**What the task requires**
For this exercise, the lines from the one with "- 贝贝怡专注0-6岁婴幼儿" through the final line of the data below are to be transcribed exactly, and pictures are to be skipped.

Stored items:
=== Section Start ===

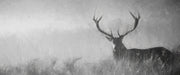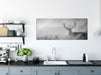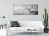 Rotwild Hirsch im Nebel Kunst, Glasbild Panorama
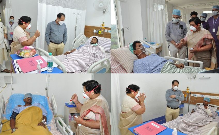 रायपुर। राज्यपाल सुश्री अनुसुईया उइके ने आज सुकमा नक्सली मुठभेड़ में घायल हुए जवानों से मुलाकात की और कुशलता के बारे में पूछा। राज्यपाल ने कहा- मैं आप लोगों को सेल्यूट करती हूं, जिस बहादुरी से नक्सलियों का सामना किया। आप जल्दी स्वस्थ हों, आप लोगों के इलाज में किसी भी प्रकार की कमी नही होने दी जाएगी। उन्होंने घायल जवानों के बेहतर इलाज के लिए निर्देश दिए और जल्द स्वास्थ्य लाभ की कामना की। उन्होंने कहा शहीद हुए जवानों के परिवाजनों को भी प्रणाम करती हु राज्यपाल ने चिकित्सको और अस्पताल के कर्मचारियों की जवानों के बेहतर देखभाल के लिए सराहना की और उन्होंने जवानों को फल भी वितरित किये।
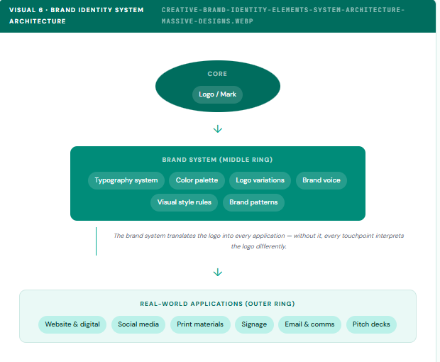 “Brand identity system architecture, how a professional logo connects through a visual system to every real-world brand touchpoint.”
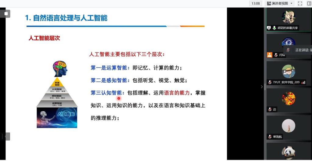 5月26日下午,304永利集团官网入口举办了“百廿太理-人工智能专题学术报告会”系列之“人工智能与自然语言处理”。本次报告会由304永利集团官网入口副院长冯秀芳主持,邀请中国科学院信息工程研究所胡玥教授进行讲授。报告会以线上腾讯会议的形式召开,学院部分教师与全体在校研究生在线下参加。
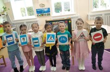 Уртанчылар төркеме балалары белән "Иң яхшы дустым-светофор" дигән темага әңгәмә үткәрдек. "Юл аркылы дөрес чык" уенын уйнадык. Балаларның юл йөрү кагыйдәләре, юл билгеләре турында белемнәрен ныгыту һәм киңәйтү өстендә даими эш алып барабыз.
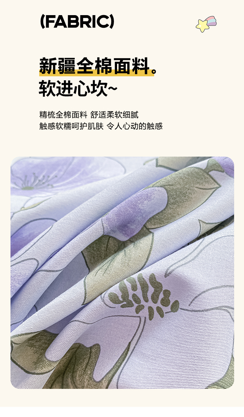 黑马家居2023新款全棉印花喷气12868套件-单被套 七色花语,七色花语
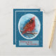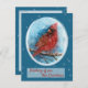Christmas Cardinal Thinking of you Holiday Postcard - A snowy background with dark blue create a lovely space for the Cardinal bird to rest. The bottom of the front says "Thinking of you this Christmas" with snowflakes in a shimmery silver. It's a lovely secular card for the Holiday Season. All of the text is customisable, so you can keep the sentiment or change it out.
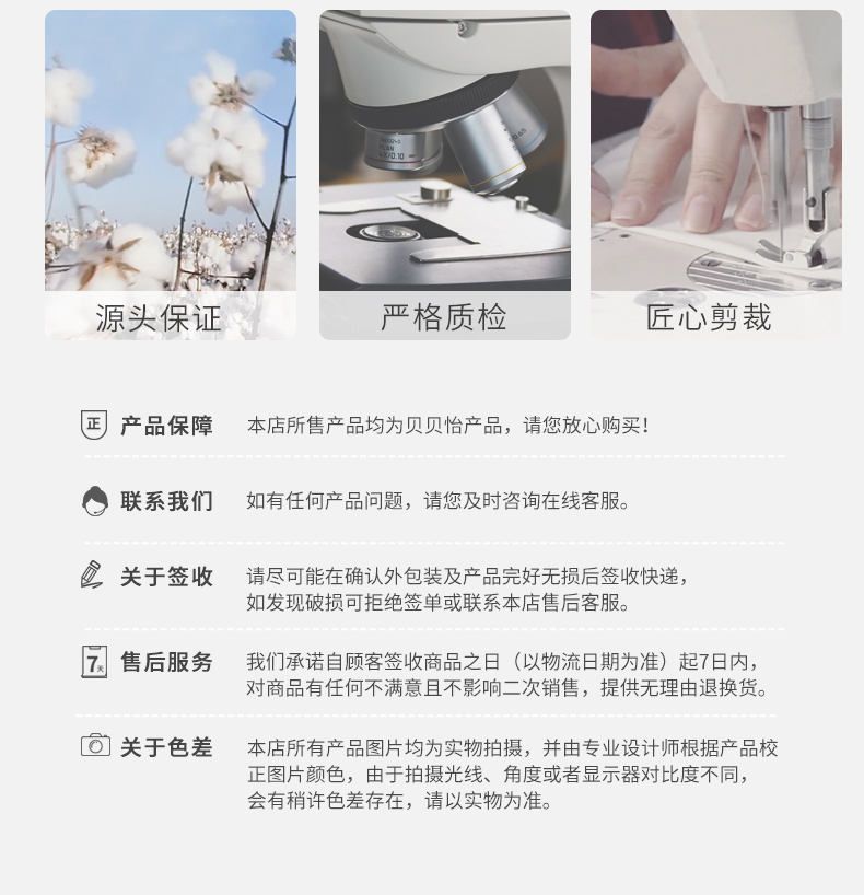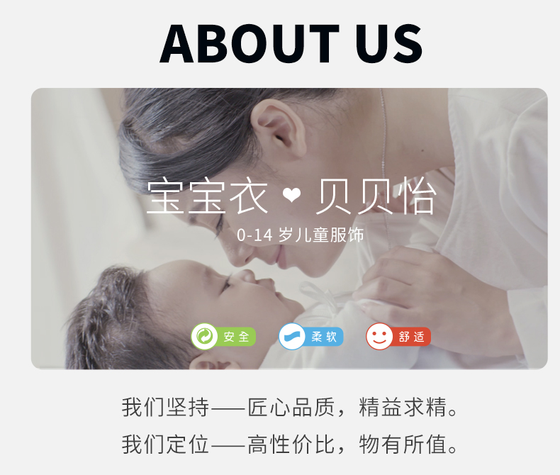 - 贝贝怡专注0-6岁婴幼儿服饰,坚持安全、柔软、舒适的产品理念,为千万中国家庭提供超高品质、安全可靠的婴幼儿服饰产品,妈妈放心,宝宝开心!
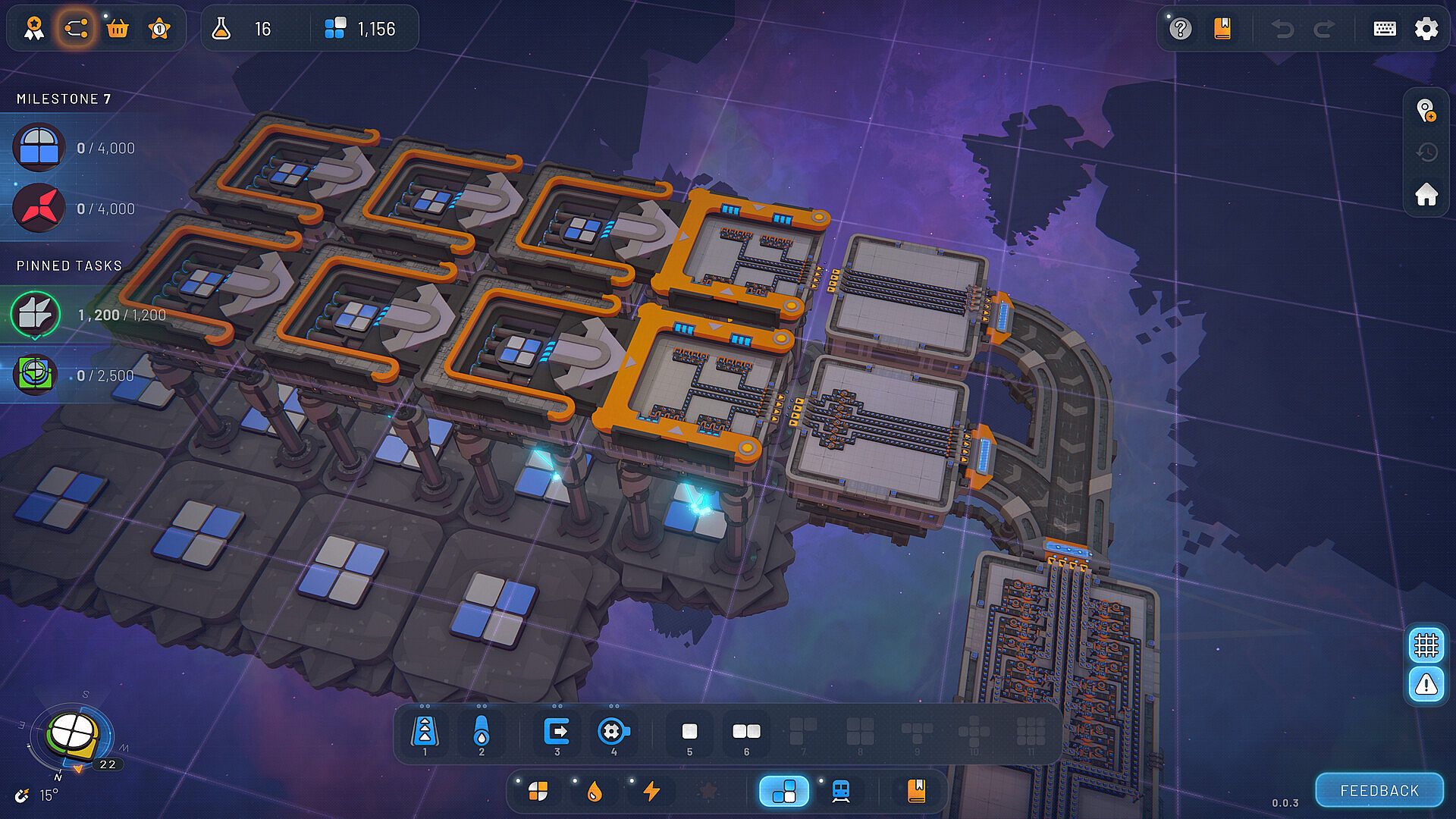 Start your operation from a single asteroid and continuously expand by building new platforms. Unlock new layouts as you progress, and grow from a single belt into a massive multi-station space factory connected by space trains. Design modular blueprintable platforms to build on a massive scale, placing hundreds of buildings with just one click.

=== Section End ===

**Your response**
 - 贝贝怡专注0-6岁婴幼儿服饰,坚持安全、柔软、舒适的产品理念,为千万中国家庭提供超高品质、安全可靠的婴幼儿服饰产品,妈妈放心,宝宝开心!
 Start your operation from a single asteroid and continuously expand by building new platforms. Unlock new layouts as you progress, and grow from a single belt into a massive multi-station space factory connected by space trains. Design modular blueprintable platforms to build on a massive scale, placing hundreds of buildings with just one click.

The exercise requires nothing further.